Já virou uma triste rotina na Ponte Preta: a crise alvinegra provocou mais uma baixa no elenco. Agora, quem deixou o clube foi o atacante Brandão.

Emprestado pelo Coritiba, ele já retornou para a capital paranaense e aguarda o desfecho da negociação com o futuro clube. O provável destino é o CSKA 1948, da Bulgária. Não dá para descartar que outros atletas também encerrem a passagem pelo clube nos próximos dias.
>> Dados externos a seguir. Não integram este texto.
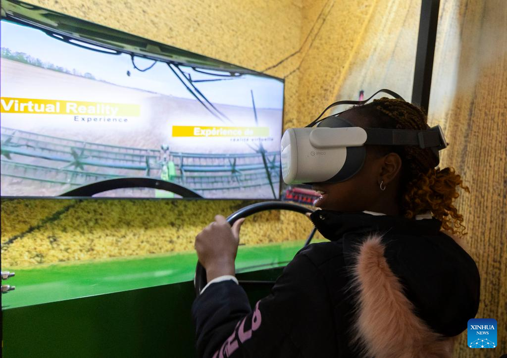 A girl experiences a virtual 360-degree grain farming ride at the 2024 Royal Agricultural Winter Fair in Toronto, Canada, on Nov. 1, 2024. Showcasing the best in agriculture, local food and more, the annual ten-day fair kicked off here on Friday. (Photo by Zou Zheng/Xinhua)
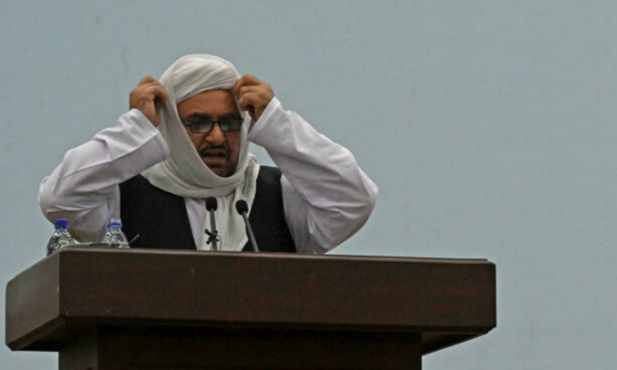 Quyền Bộ trưởng Giáo dục bậc cao của Taliban Abdul Baqi Haqqani trong cuộc họp ở Kabul hôm 29/8. Ảnh: AFP.

A saída de Brandão aumenta a já extensa lista de debandada desde o início da Série B do Brasileiro. Já tinham ido embora da Ponte nos últimos meses, por exemplo, o goleiro Diogo Silva; os zagueiros David Braz, Márcio Silva e Weverton; os laterais Lucas Justen, Bryan Borges e Thalys; os volantes Rodrigo Saravia e Tárik; e os atacantes Diego Tavares, Luis Phelipe e Pottker.

Atacante Brandão em ação pela Ponte — Foto: Marcos Ribolli

Aos 22 anos, Brandão se despede da Ponte com três gols em 17 partidas. Ele era um dos jogadores que, apesar de ter parte ou a totalidade do salário vinculada a outro clube, aderiu à paralisação desde a última quarta-feira em solidariedade aos companheiros com salários atrasados.

O atacante David da Hora (Coritiba) e os zagueiros Lucas Cunha e Palacios (Bragantino) também se encaixam nessa situação.

Quando anunciaram a suspensão das atividades, os atletas disseram que alguns estão há seis meses sem receber. A reportagem do ge apurou que a falta de pagamento beira um ano em casos específicos de jogadores e também de integrantes do departamento de futebol.

Contra o América-MG, no último domingo, a Ponte viajou apenas com jovens formados nas categorias de base para evitar o W.O em Belo Horizonte e acabou derrotada por 2 a 0.

Sem vencer há 19 rodadas, igualando o pior jejum da história da Série B (ao lado do ABC de 2015), a Ponte amarga a lanterna, com apenas 10 pontos em 25 jogos, e caminha para um rebaixamento que parece inevitável diante do cenário caótico fora de campo.